Let’s start with the big picture: According to a survey by the National Retail Federation, roughly 115 million Americans planned to shop on Black Friday this year. And about 32 million plan to shop on Thanksgiving Day, when big-name players such as Best Buy Co. Inc. and Macy’s Inc. are set to open their doors for their Black Friday sales. 

Sorry, but if tens of millions of people plan to do something, then it’s hard for me to pronounce said activity dead.  And shoppers indeed have good reason to pull out their wallets.

It’s true you can nab some kind of discount throughout much of the holiday run-up. But research from Adobe Digital Insights finds that the best prices of the season for online shoppers across a variety of categories are likely to be found on the Black Friday weekend.

As long as retailers keep encouraging Black Friday shopping with such pricing patterns, legions of shoppers will keep braving the crowds or filling up their digital shopping carts during this event. 

That brings me to what I think is a particularly important aspect of Black Friday’s transformation. In the online channel, as you might expect, Black Friday and Cyber Monday are easily the biggest spending days of the season.  

But what’s noteworthy is that these days are also projected to be the fastest-growing of the season.

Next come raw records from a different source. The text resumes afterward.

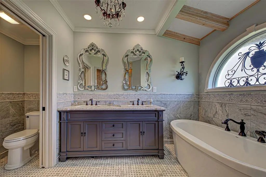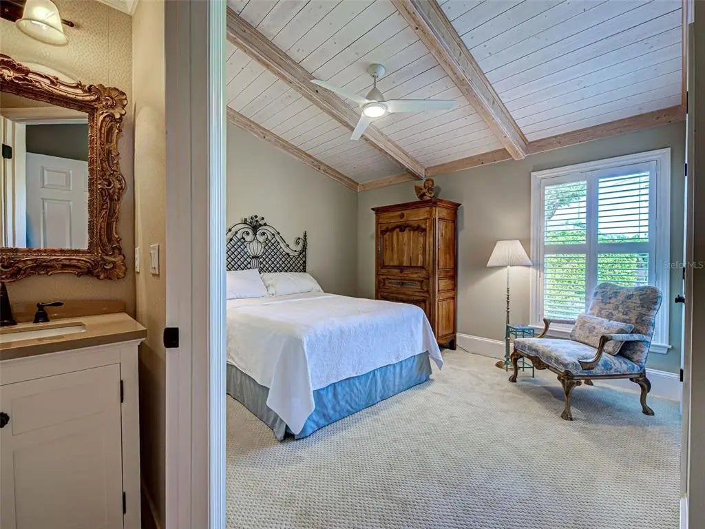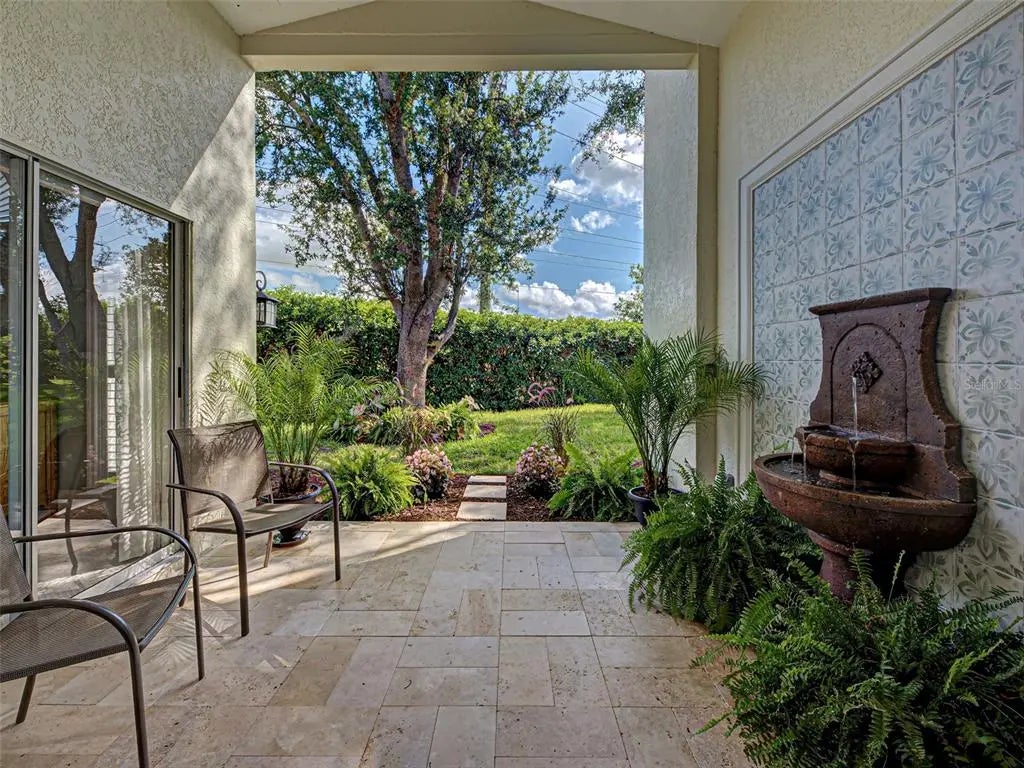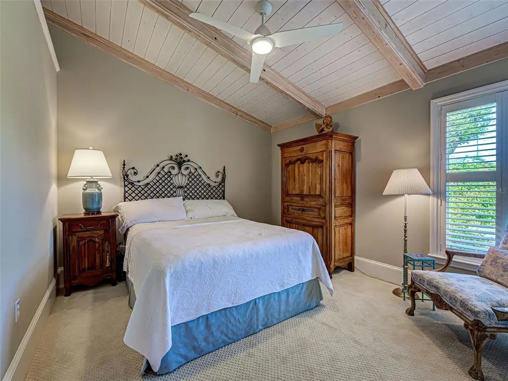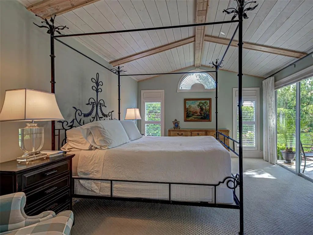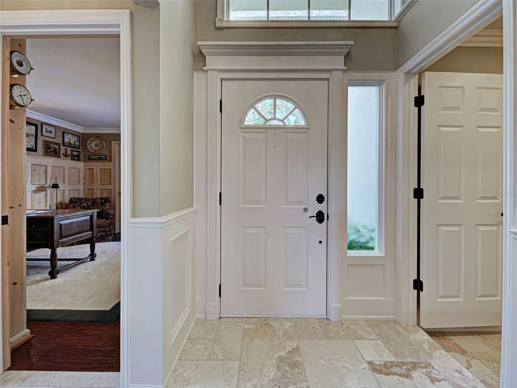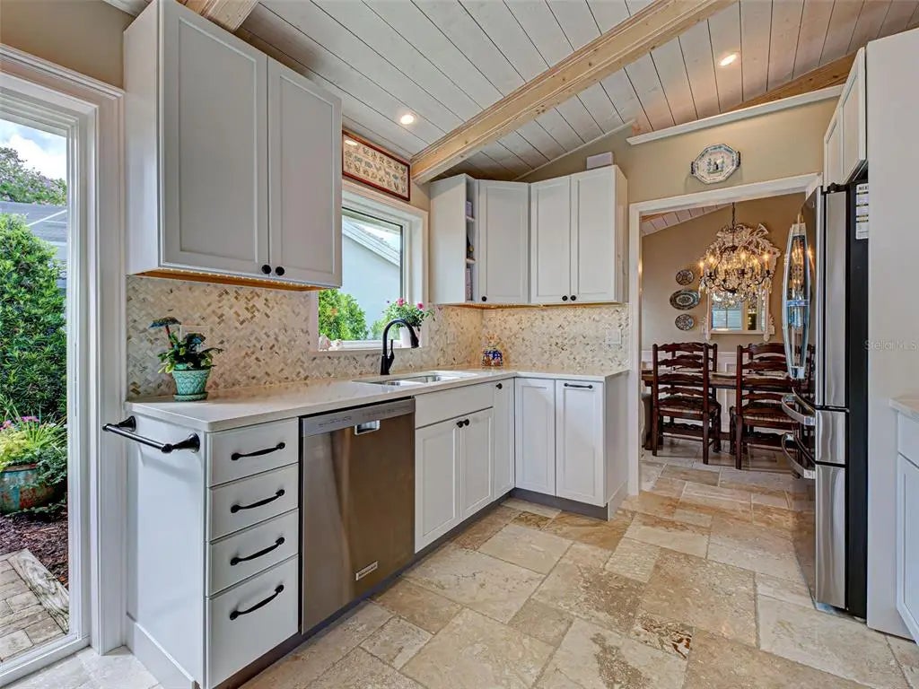 Many homes are listed as Mov-In Ready! When you actually see them, how many really are? This CHESTNUT CREEK property is in the perfect location, close to shopping, the beach, and downtown Venice. It has undergone a TOTAL UPGRADE from top to bottom, inside and out. Nestled in mature landscaping, you will find an exceptional home. The owners are trained in interior design and architectural disciplines. This home you will enjoy without worry. Whole House surge protection was installed, a COMPLETE TEAROFF TILE REROOF was done in 2022, with a wind mitigation and inspection report. In 2025 a new water heater was added and a county requirement for a BACK-FLOW PROTECTION has been inspected and in compliance with their requirement. Step into the home and you will instantly see the amazing use of detailed architectural elements, and high-end finishes. Cathedral Ceilings with whitewashed wood ceilings framed in pickled pine beams are present though-out the home, TRAVERTINE STONE flooring as well. FOYER: The coffered Foyer ceiling as you enter is highlighted by the oversized chandelier - it was acquired from the owners of the Ritz Carlton Pent House in Sarasota. Chair rail was used and raised paneling installed under it continuing into the dining room. Special detail was given to the front door surround, and crown molding was installed where appropriate. Travertine flooring flows through the house. LIVING ROOM: Looking into the Living Room the focal point is the decorative FIREPLACE - the mantle is from a Main-line Philidelphia Mansion, it is an antique ADAM mantle and is highly regarded. The lighting was upgraded to LED ceiling lights and the chandelier was from a Palm Beach Mansion. The banded wrought iron inserted in the 1/2 window is from EGYPT and is 300 years old. The massive built-in bookcase was custom designed with plenty of extra storage in the lower cabinets, a must for Florida homes. As your view shifts to the outside, the 3 panel slider look out unto the LANAI, where a fountain and potted plants become the foreground for the backyard. KITCHEN: The chef's kitchen has stainless steel appliances, including a COMBINATION (microwave, convection oven, and air fryer) installed under the counter in the peninsula island. LED lighting was installed in the ceiling and under counter. The Kraft Maid cabinets have lazy Susan shelving in the corner cabinets, pull out drawers, and a silver ware drawer, done in off white and iron hardware. A commercial fan over the slide in stove is vented to the outside. Over the refrigerator cabinet has been modified to handle all over sized trays, cookie sheets, and platters, and long foil or paper rolls. A herringbone marble backsplash completes the look. New low-e glass window and slider handle the heat from the east morning sun. PRIMARY BEDROOM: More ceiling beams, carpet in bedroom and closet. His and Hers walk-in closets and a 5 piece ensuite with separate shower, and water closet. a dual furniture vanity, Venetian mirrors, more beams, a chandlier from a Grosse Point Michigan Automotive magnate, and a beautiful free standing soaker tub all clad in Cararra Marble. COMMUNITY LOW HOA FEE PAYS FOR LAWN, SHRUB, AND TREE REGULAR MAINTENANCE.
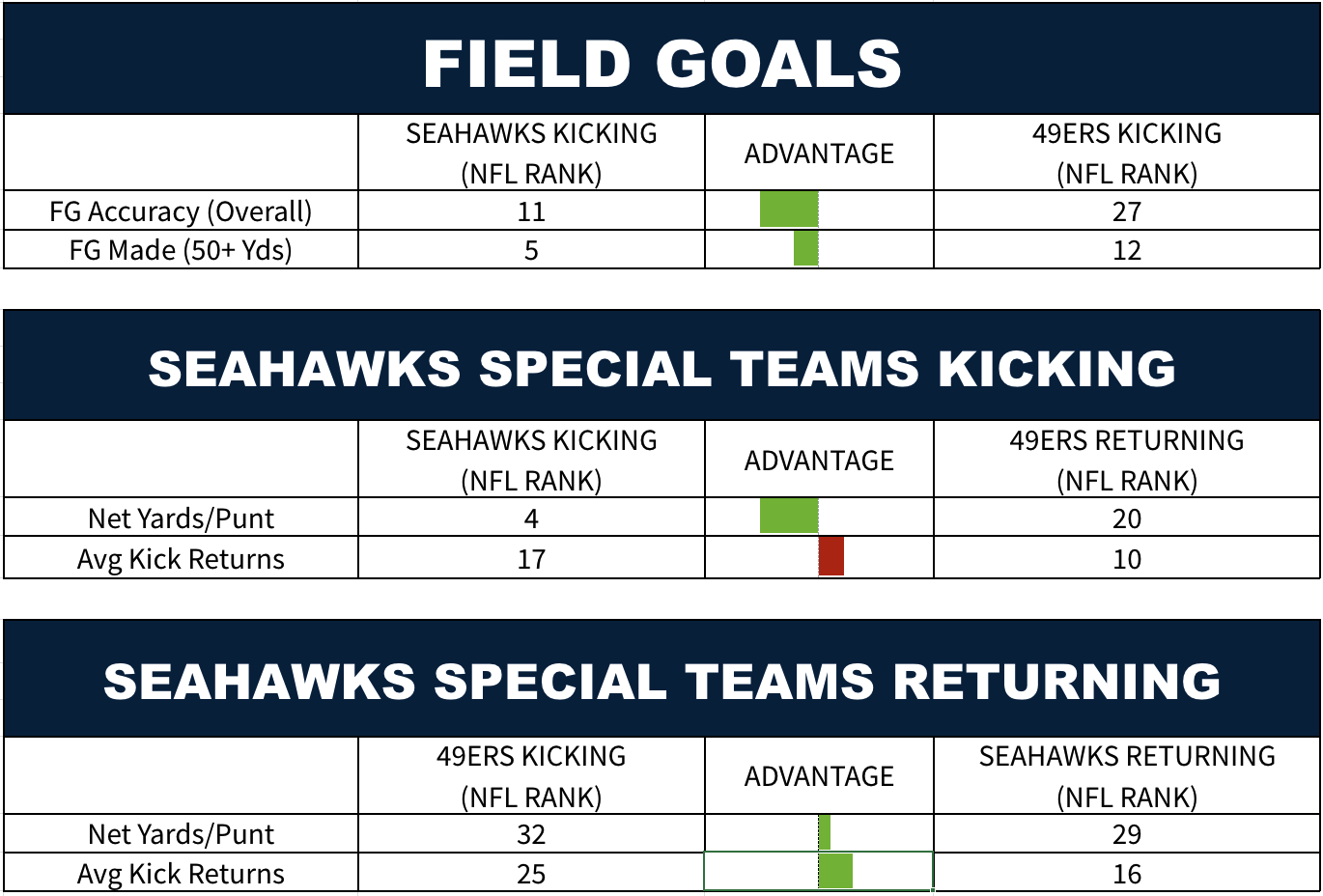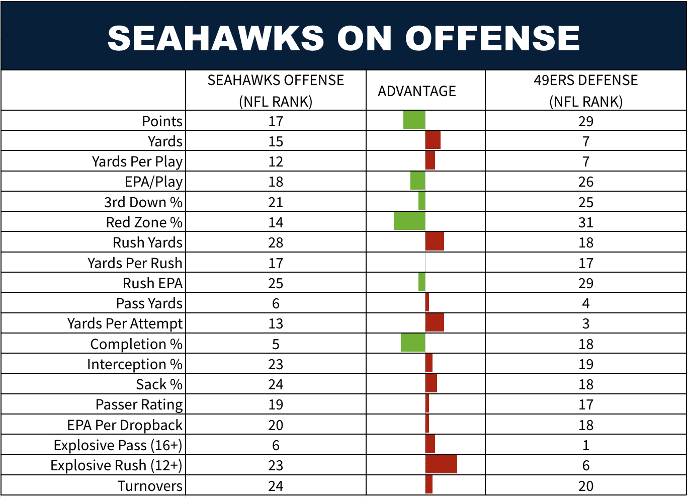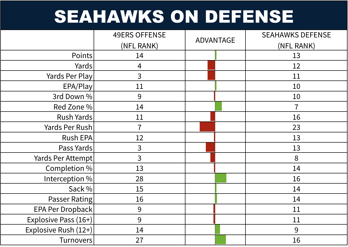 One aspect that might surprise Seahawks fans is their special teams ranked 10th by this measure, while the 49ers were 31st. More on that in a bit.
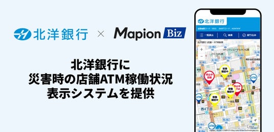 TOPPANグループの株式会社ONE COMPATH(ワン・コンパス 代表取締役社長CEO:早川 礼)が運営する法人向けの地図ソリューション「Mapion Biz(マピオン ビズ)」は、株式会社北洋銀行(取締役頭取:津山 博恒)の店舗・ATM検索ページにおいて、大地震や洪水などの災害時の店舗およびATMの稼働状況を表示するシステムを2025年1月より本格提供したことをお知らせいたします。
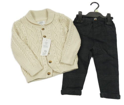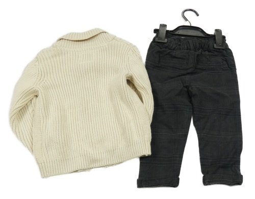 • Nové - 2set - Tmavošedo-čierne kockované plátenné chino kalhoty + béžový prepínaci sveter F&F

As Tamara Gaffney, a senior director at Adobe Digital Insights, points out, it is remarkable that sales on these days are expected to see such strong growth from an already massive base.

In other words, in the online channel, spending is only getting more concentrated on these major deals events. 

So, in a way, the stakes are just getting higher for retailers to get these sales right. That means making sure their websites don’t slow or crash under the pressure of heavier traffic. And it means making sure they’re not out of stock in key items and that supply chains are ready to quickly fulfill a crush of orders.

All of this makes it hard for me to join in the chorus of people that completely write off Black Friday. The bonanza is surely different than it was back in its ‘90s and early 2000s glory days, when you regularly saw scenes on the local news that brought to mind the wildebeest stampede in “The Lion King.”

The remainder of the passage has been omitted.